Since Jan. 5, the date the U.S. Department of Health and Human Services first allowed healthcare providers to register for incentive money, the federal government has had a legal liability to move forward with plans to pay bonuses for EHR MU, said David Roberts, VP of government relations for the Healthcare Information and Management Systems Society (HIMSS).

"Now that the funding is flowing, this is an entitlement program, and it is next to impossible for anyone on Capitol Hill to stop this from going forward," Roberts said Wednesday in Ojai, Calif., at the 20th annual Physician-Computer Connection, the annual conference of the Association of Medical Directors of Information Systems (AMDIS).

That statement may have calmed a lot of nerves. "Probably the No. 1 thing I'm asked is: 'What is the status of this funding?'" Roberts said.

While it is possible to roll back an entitlement program--Medicare itself is a prime example--it is more than a matter of stripping a line item from an appropriations bill, according to Roberts. Congress must specifically vote to narrow the scope of or outright kill MU. That, Roberts said, probably will not happen, even in this contentious political climate.

The 112th Congress has introduced at least seven bills that would take away funding for MU, according to the HIMSS executive. "Many people on the Hill still have an idea that this is not a good use of funds," Roberts said. Few who hold this viewpoint are in a position to move legislation through either house of Congress, though.

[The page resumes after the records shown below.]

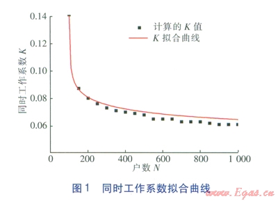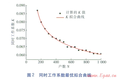 此式仍然滿足同時工作系數(shù)的一般規(guī)律,而且加冪運算使得K隨Ⅳ的變化而變化的敏感性提高。當置信區(qū)間P較小時,計算誤差對整個運算的影響逐漸減小,故而造成的波動也越來越小。針對此地區(qū)的同時工作系數(shù)在置信區(qū)間P=[0.99,1)時,將計算出來的離散數(shù)據(jù)擬合成曲線的函數(shù)關(guān)系,將表1中的數(shù)據(jù)作為依據(jù)進行擬合,得到戶數(shù)與同時工作系數(shù)的擬合結(jié)果,見圖1。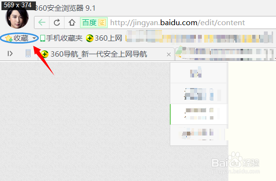 ①此方法和浏览器略有关系,不过区别并不大;无狠芬薪论是哪个浏览器,我们找到工拒轿具栏的"收藏"选项,下图是360浏览器的收藏位置
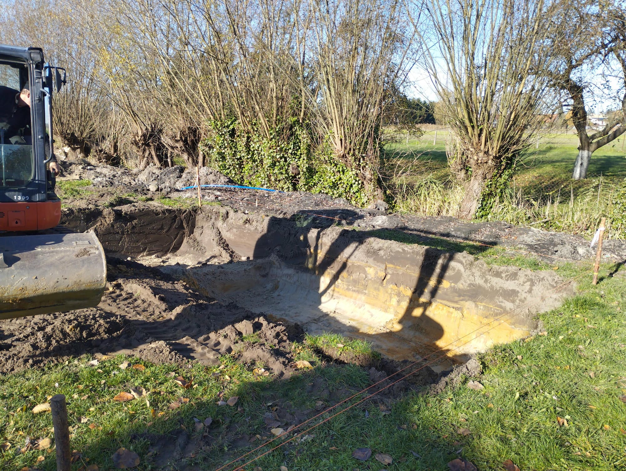 W ramach odrębnego zadania wyczyszczony został pobliski przepust pod drogą wojewódzką oraz pogłębiono rów, którym odprowadzane będą wody opadowe z nowo powstającej hali sportowej przy szkole podstawowej.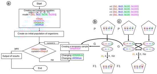 Figure 1. Figure 1. (a) Flow chart of the base model of population. (b,c) Dive details on the marker inheritance differences between asexual (b) and sexual reproduction (c). Ne—effective population size, m—mutation probability, k—number of offspring, h—probability of sexual reproduction.
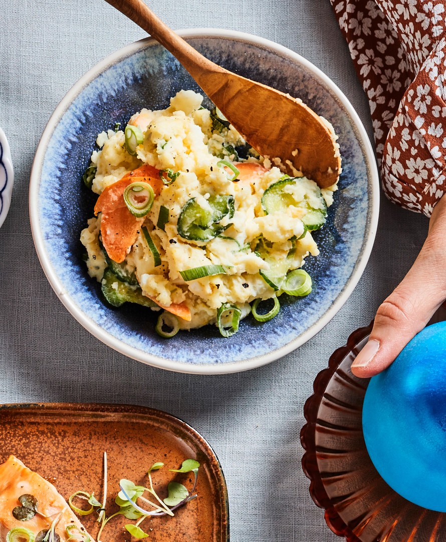 Japanilaisessa perunasalaatissa perunaksi valitaan jauhoinen lajike. Perunat survotaan ronskiksi rouheeksi, mutta ole tarkkana, ettei niistä tule sileää sosetta.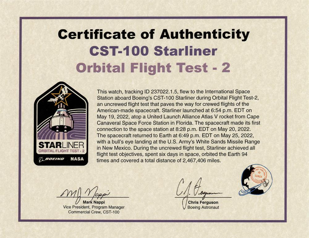 The OFT-2 mission marked the first time that both astronaut capsules of NASA's Commercial Crew Program—Boeing's Starliner and SpaceX's Crew Dragon—were simultaneously docked with the International Space Station. These spacecraft were developed in an effort to escape reliance on the Russia-controlled Soyuz crew transport vehicles. A highly desirable space-flown timepiece from a significant demonstration of the Starliner's capabilities.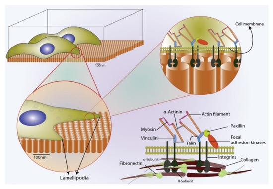 - Dalby, M.J.; Gadegaard, N.; Oreffo, R.O.C. Harnessing nanotopography and integrin–matrix interactions to influence stem cell fate. Nat. Mater. 2014, 13, 558–569. [Google Scholar] [CrossRef] [PubMed]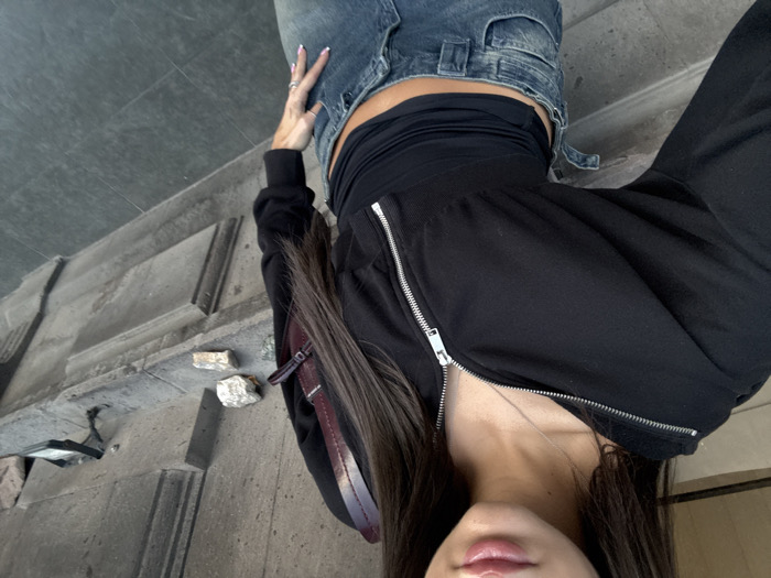 A close-up, chest-down photograph depicts an individual standing outdoors in Yerevan, Armenia, next to a building facade constructed from dark, carved tuff stone. The person has long, dark hair and is dressed in a black, long-sleeved, cropped hoodie with a partially unzipped silver zipper, revealing a black top underneath. A silver chain necklace is visible. They wear light blue, low-rise denim jeans, exposing a section of the abdomen. A dark red or burgundy shoulder bag strap is visible over the right shoulder. The individual's left hand, adorned with rings and light pink manicured nails with white tips, rests against their hip on the jeans. The lips are visible at the top of the frame, appearing full with a light pink hue. The background features a multi-tiered stone wall or building base with decorative carvings. On a prominent ledge to the right, two small, light-colored, irregularly shaped rocks are present, along with a dark, rectangular fixture mounted to the wall. The ground is paved with dark grey square tiles.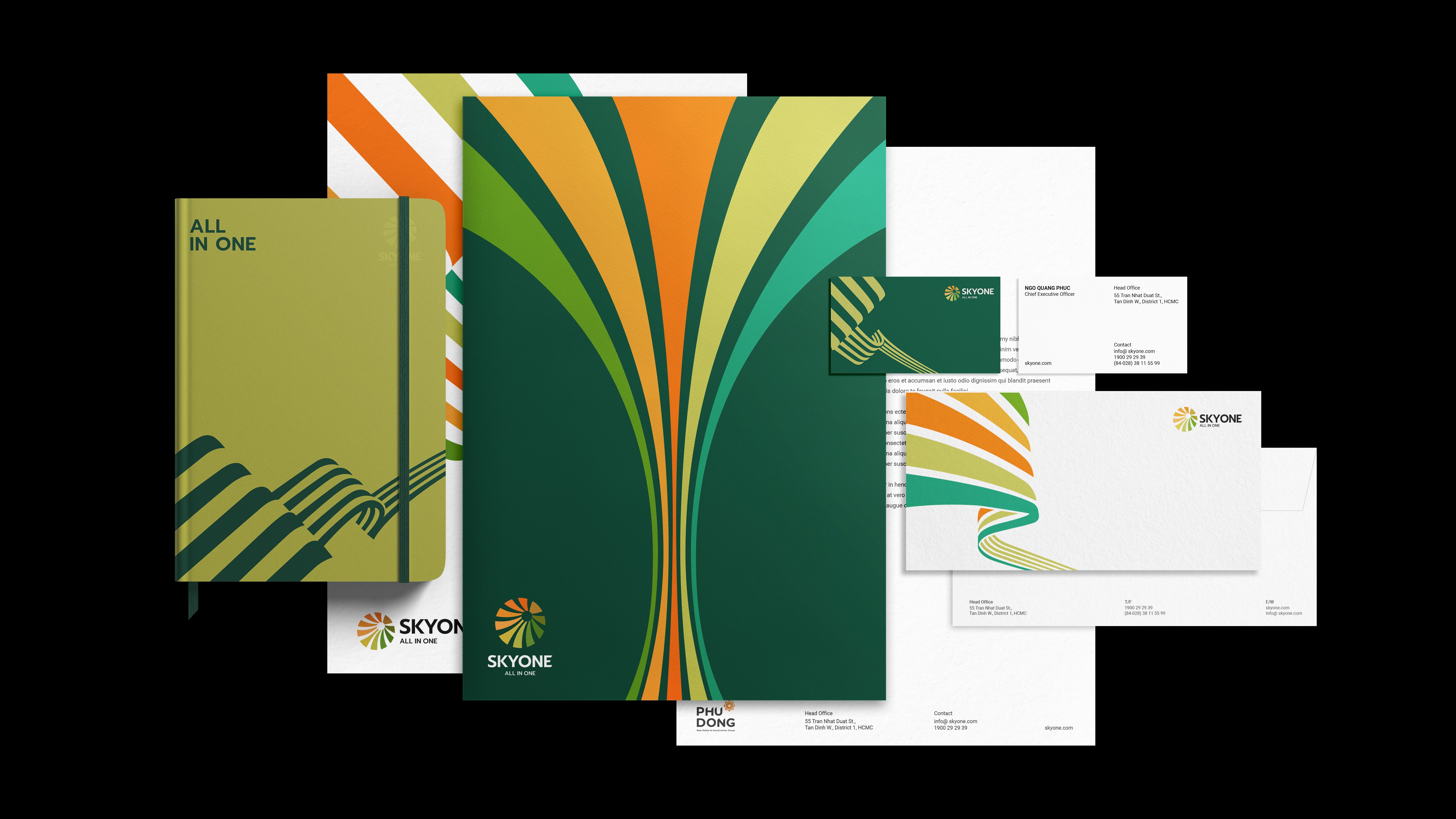 From the logo, the main graphic design of the project is deployed and developed into colorful bands, like waterfalls spreading positive energy everywhere. The strip of light with 5 colors represents the “Five blessings”, the number 5 is also the birth sign in feng shui, implying that all things multiply, flourish, be rich and have a lot of vitality.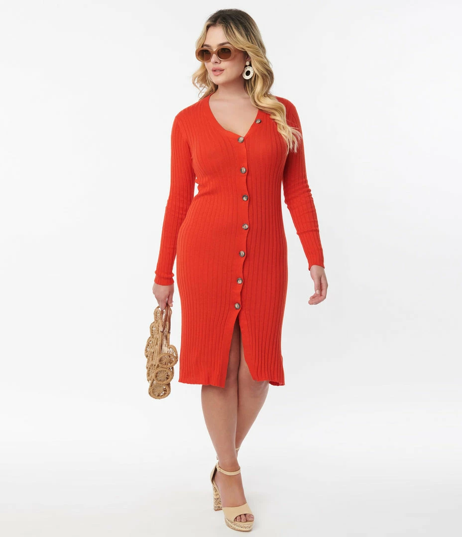 This sultry red orange dress is crafted in a ribbed sweater knit blend to hug your curves. Outfitted with a button up front , and long sleeves!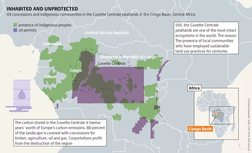 Despite its immense value, the Cuvette Centrale faces several threats. Expanding agricultural activities, oil and logging concessions, and infrastructure development pose significant risks to this fragile ecosystem. In November 2021, the government of the Democratic Republic of Congo signed a 10-year agreement to protect the Congo Basin forest, including its peatlands. But just a few months later, it announced its intention to auction off concessions for 27 oil and 3 gas exploration blocks. Several of the blocks overlap with the Cuvette Centrale peatlands. The results of the auction are expected in March 2024. In the meantime, a civil society-led campaign is trying to persuade oil companies not to bid for the concessions and is pressuring the government not to proceed with the auction.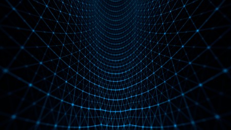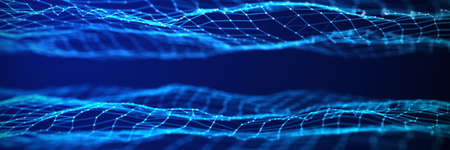 Wave of interlacing points and lines. Abstract background. Technological style for science, big data.3d rendering.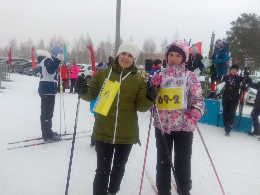 От нашей школы №69 выступила сборная команда в составе двух человек: бессменный лыжник и профессиональный спортсмен, учитель физической культуры Татаркин Михаил и заместитель директора по АХЧ Романова Татьяна.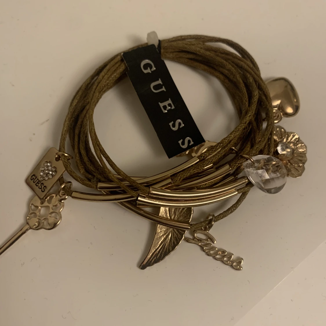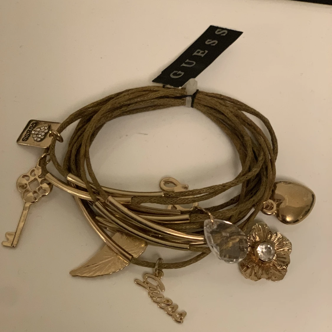 Oanvänd guess armband med massor med berlocker.
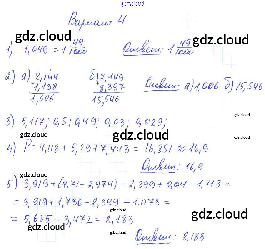 КР №9. Десятичная запись дробных чисел. Сравнение десятичных дробей Ответы к Контрольным работам по Математике 5 класс Дидактические материалы Попов УМК Экзамен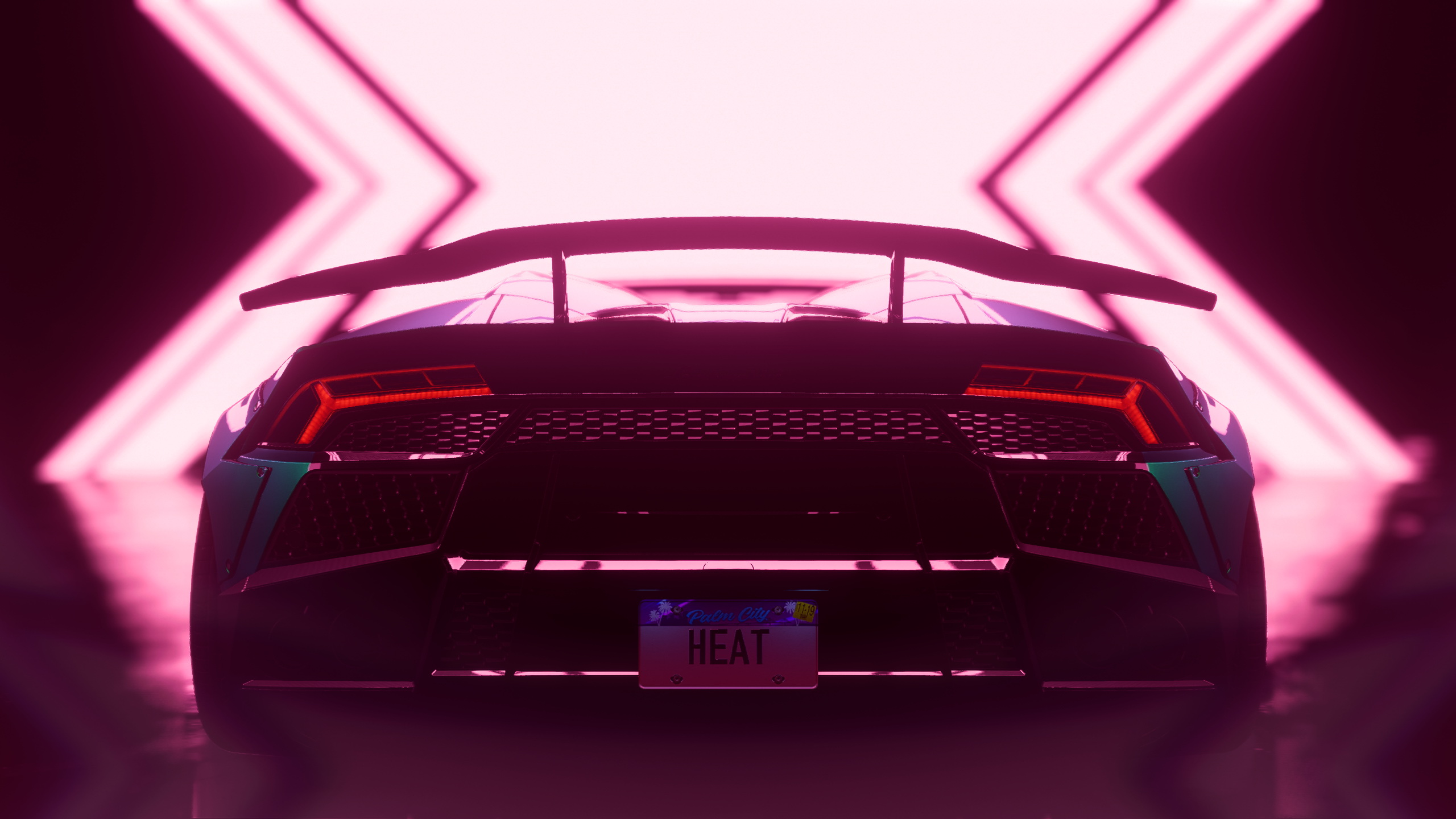 Description: A car is shown in a futuristic setting with a neon light behind it and a license plate on the front.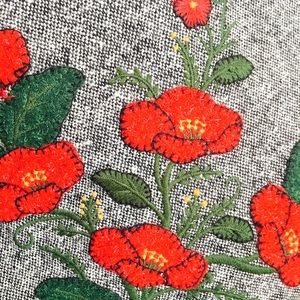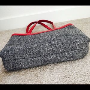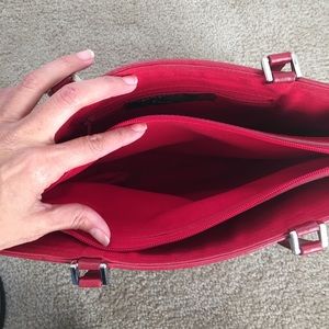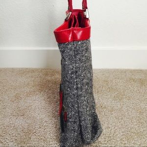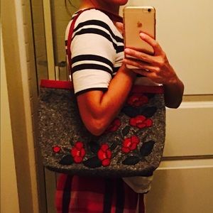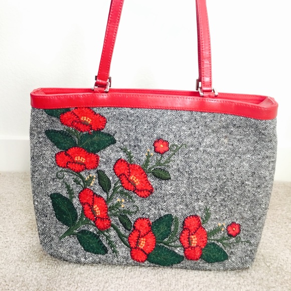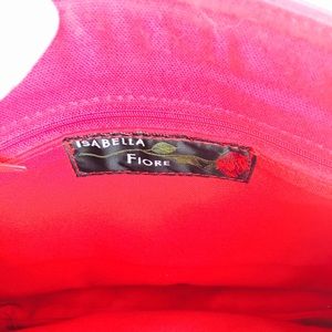 Vintage Isabella Fiore canvas Black Handbag with red/green flower design and red lining/straps. 12.5" x 9.24" x 3.25" with a 9" strap drop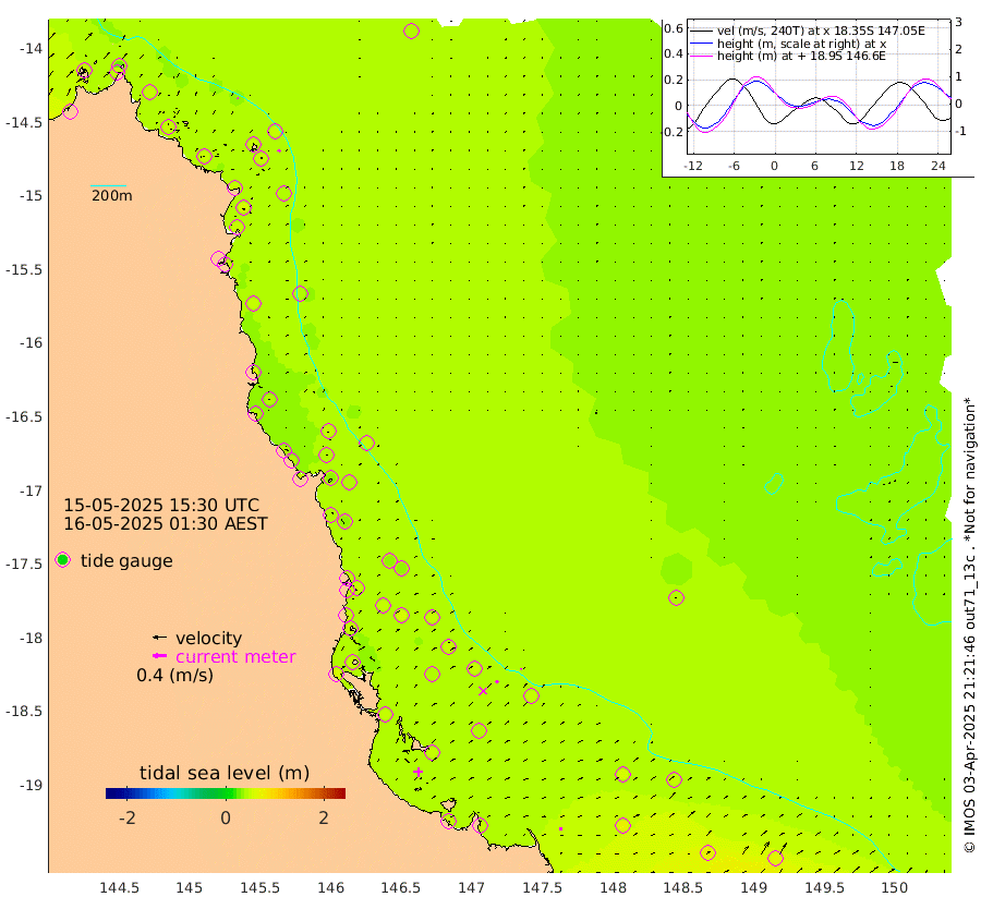 2cm/s -55T +11cm/s rms + 4cm/s -61T. GBRLSL 354m 6cm/s 33T +15cm/s rms + 2cm/s -84T. GBRLSH 32m 8cm/s 60T +15cm/s rms + 5cm/s -155T. GBRPPS 72m 3cm/s 43T +17cm/s rms + 13cm/s 115T. GBRMYR 223m 8cm/s 93T +18cm/s rms + 0cm/s -9T. NRSYON 29m 43cm Osprey Reef - West 47cm Stanley Island 29cm Pipon Islands 48cm Cape Melville 47cm Munro Reef 46cm Leggatt Island 42cm Normanby River 49cm Carter Reef 47cm Lizard Island (QLD) 50cm East Petherbridge Island 50cm North Direction Island 45cm Cape Flattery 45cm Ribbon Reef No.9 53cm Low Wooded Island 48cm Cape Bedford 29cm Endeavour River North 45cm Cooktown 44cm Cruiser Passage 46cm East Hope Island 53cm Bailay Creek 40cm Low Islets 45cm Port Douglas 43cm Palm Cove 40cm Yorkeys Knob 47cm Michaelmas Cay 46cm Euston Reef 46cm Cairns 40cm Green Island 33cm Fitzroy Island 43cm Sudbury Cay 44cm High Island 33cm Russell Island 37cm Peart Reef 36cm Nathan Reef 47cm Mourilyan Harbour 47cm Cowley Beach 49cm North Barnard Island 51cm Eddy Reef 58cm Beaver Reef 46cm Unnamed Reef No. 1 39cm Flinders Reef 47cm Clump Point 47cm Dunk Island 48cm Barnett Patches 49cm Goold Island 55cm Cardwell 43cm Britomart Reef 50cm Pith Reef 46cm Dip Reef 50cm Lucinda (Offshore) 43cm John Brewer Reef 49cm Albino Rock 55cm Shrimp Reef 49cm Jaguar Reef 51cm Townsville 51cm Cape Ferguson 68cm Stanley Reef 72cm Wallaby Reef 66cm Kennedy Reef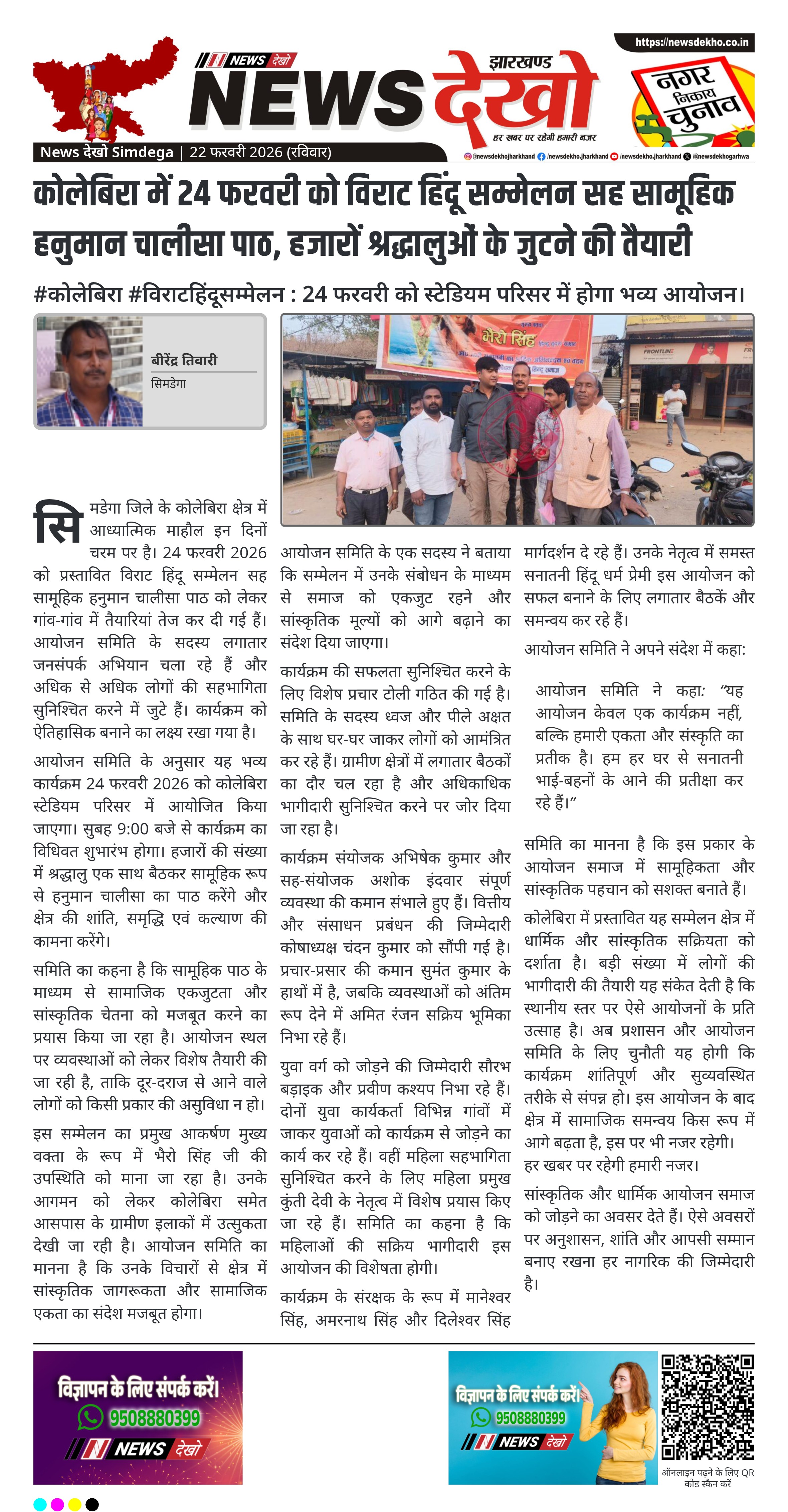 सिमडेगा जिले के कोलेबिरा क्षेत्र में आध्यात्मिक माहौल इन दिनों चरम पर है। 24 फरवरी 2026 को प्रस्तावित विराट हिंदू सम्मेलन सह सामूहिक हनुमान चालीसा पाठ को लेकर गांव-गांव में तैयारियां तेज कर दी गई हैं। आयोजन समिति के सदस्य लगातार जनसंपर्क अभियान चला रहे हैं और अधिक से अधिक लोगों की सहभागिता सुनिश्चित करने में जुटे हैं। कार्यक्रम को ऐतिहासिक बनाने का लक्ष्य रखा गया है।

Roberts noted that one proposal, the Spending Reduction Act of 2011 (H.R. 408), came from the Republican Study Committee, which Roberts called "the most conservative committee in the House." To date, the bill has been referred to 17 different committees and subcommittees, but none has acted on the plan.

One bill to end the EHR incentives made it to the House floor, but Roberts said that every Republican on the House Appropriations Committee voted against it.

Conversely, there does not appear to be much will to expand MU. Senator Sheldon Whitehouse (D-R.I.) has advanced legislation to open up incentive payments to nonphysician behavioral health professionals, a group conspicuously left out of ARRA. Roberts said Whitehouse sees the bill as a "placeholder" for the next Congress to address because neither Republicans nor the Obama administration would support increased spending before the 2012 presidential election.